Johns Hopkins School of Medicine

Johns Hopkins Diabetes White Paper, 2002.
Johns Hopkins Diabetes White Paper, 2002.

The Johns Hopkins White Papers are in-depth special reports written for the consumer by some of the nation’s leading doctors at the country’s leading hospital and medical school.

Maintaining a healthy body weight is important for both the prevention and treatment of diabetes. Excess body weight increases the risk of developing diabetes; for overweight people with the disease, losing weight can improve blood glucose control and reduce the risk of long-term complications.

Losing weight is difficult, however, and many people resort to fad diets. Among the most popular ones today are high-protein, low-carbohydrate diets that promise rapid weight loss by following a food plan that is high in protein but limits foods rich in carbohydrates, such as fruits, vegetables, and grains. Some examples are Dr. Atkins’ New Diet Revolution by Robert C. Atkins, M.D., Protein Power by Michael R. Eades, M.D. and Mary Dan Eades, M.D., Sugar Busters! by H. Leighton Steward, M.S. and coauthors, and The Zone by Barry Sears, Ph.D. According to the authors of these diets, high levels of insulin cause obesity by promoting the storage of calories as body fat. They claim that when a person reduces the amount of carbohydrate in the diet, the body produces less insulin and weight loss occurs.

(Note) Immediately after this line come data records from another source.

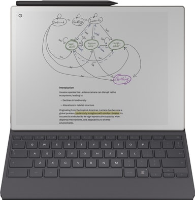 Kun avaat näppäimistön, näyttö kääntyy automaattisesti, joten voit vaihtaa vapaalla kädellä kirjoittamisen ja kirjoittamisen välillä. Kommentit liitetään älykkäästi kirjoitettuun tekstiin, kun siirrät sitä ylös ja alas sivulla. Kirjoittaminen on aina helppoa ilman latausta, pariliitosta tai kaapeleita.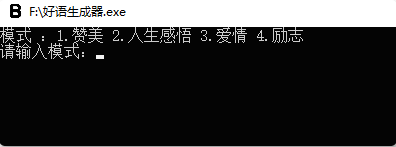 使用方法很简单,单文件打开直接运行,打开之后,选择不同模式,比如1.赞美,那就按数字1,然后按回车键。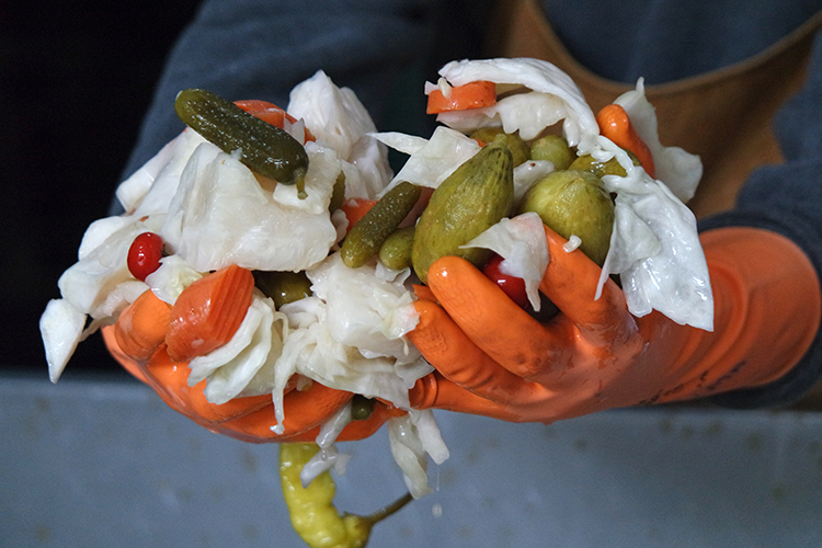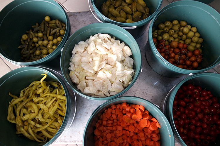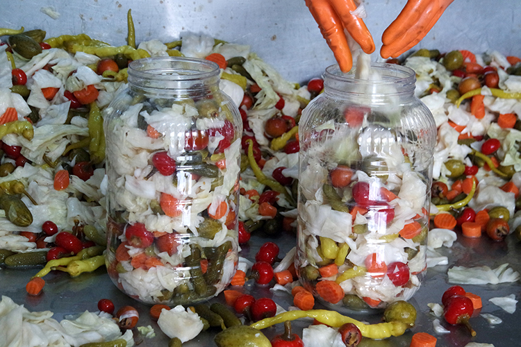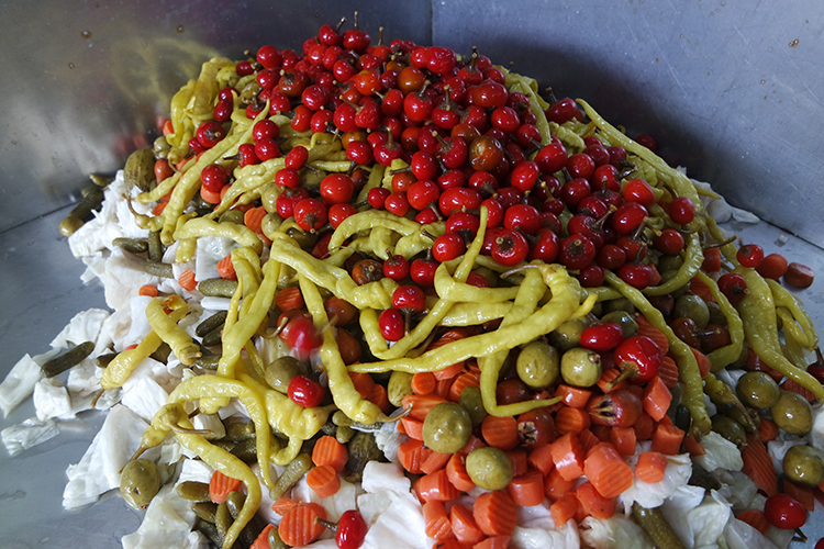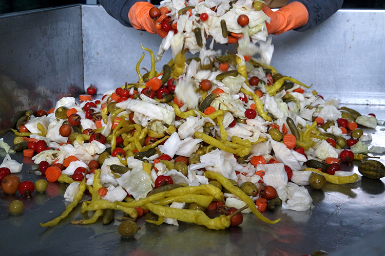 “Sebzemizin yaklaşık olarak yüzde 90-95’ini kurduk. Bir tek lahanamız var. Lahanamızı da dönem dönem yapıyoruz. Salatalık Afyonkarahisar, Balıkesir bölgesinden geliyor, İzmir bölgesinden de geliyordu ama artık çok nadir gelmeye başladı, bu bölgelerden alıyoruz. Lahanamız ve pancarımız Afyonkarahisar, havucumuz Konya’dan, acurumuz Gaziantep, Kahramanmaraş üzerinden geliyor. Keleğimiz Balıkesir, Gaziantep’ten geliyor. Yani aşağı yukarı Türkiye’nin her yerinden de sebze geliyor. Çanakkale bölgesinden acı biberimiz geliyor. Yine bunun yanında Balıkesir’den biber çeşitlerimiz geliyor.”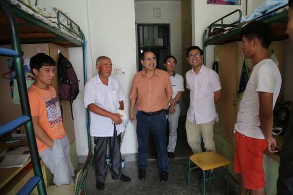 9月9日上午,焦少林、詹德全在新生班级辅导员的陪同下,第一时间深入到新生宿舍,了解新生住宿情况,实地解决同学们可能遇到的问题。每到一个宿舍,焦少林都亲切地询问新生家庭情况和入学后的生活情况,提醒新生注意人身财物安全,并勉励新生入学后要及时做好学业规划,好好学习,用优良的成绩回报家长和社会。

People do lose weight on high-protein, low-carbohydrate diets, though the weight loss is due to water loss and reduced calories, not to lower insulin levels as the authors claim. Even so, nutrition experts do not recommend these diets. First, the weight loss is difficult to maintain over the long term. Second, there is some evidence that these diets may increase the risk of coronary heart disease (CHD) and kidney damage—conditions for which people with diabetes are already at high risk.

Weight Loss Is Difficult To Maintain

High-protein, low-carbohydrate diets may produce greater weight loss than other diets. But this weight loss is mostly water—rather than fat—and weight is quickly regained when you go off the diet. Why? A decreased intake of carbohydrates depletes carbohydrate stores in your body, and the water associated with these stores is released from the body. When you start eating carbohydrates again, the water returns. In addition, because high-protein, low-carbohydrate diets restrict food choices, people cannot follow these diets for long periods of time, and the lost weight is ultimately regained.

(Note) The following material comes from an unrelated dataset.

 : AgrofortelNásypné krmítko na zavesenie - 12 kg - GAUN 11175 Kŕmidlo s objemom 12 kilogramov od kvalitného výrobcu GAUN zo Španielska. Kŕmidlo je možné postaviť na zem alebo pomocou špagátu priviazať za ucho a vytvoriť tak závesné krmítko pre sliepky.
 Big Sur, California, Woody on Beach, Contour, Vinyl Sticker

Increased Risk of Coronary Heart Disease

Diets high in protein tend to be high in fat, particularly saturated fat. For example, the Atkins diet and Protein Power provide about 20% to 25% of calories from saturated fat. In comparison, the American Diabetes Association recommends that less than 10% of calories come from this type of fat.

Diets high in saturated fat can raise blood cholesterol levels, which in turn increase the risk of CHD. In a study of the Atkins diet, published in the Journal of the American Dietetic Association in September 1980, people who followed the diet for eight weeks experienced an increase in blood cholesterol levels, even though they had lost weight. (Weight loss is known to decrease cholesterol levels.) In a more recent study in the October 2000 issue of the Journal of the American College of Nutrition, researchers calculated that long-term use of the Atkins diet would result in a 25% increase in blood cholesterol levels, which translates to an increased risk of CHD of more than 50%.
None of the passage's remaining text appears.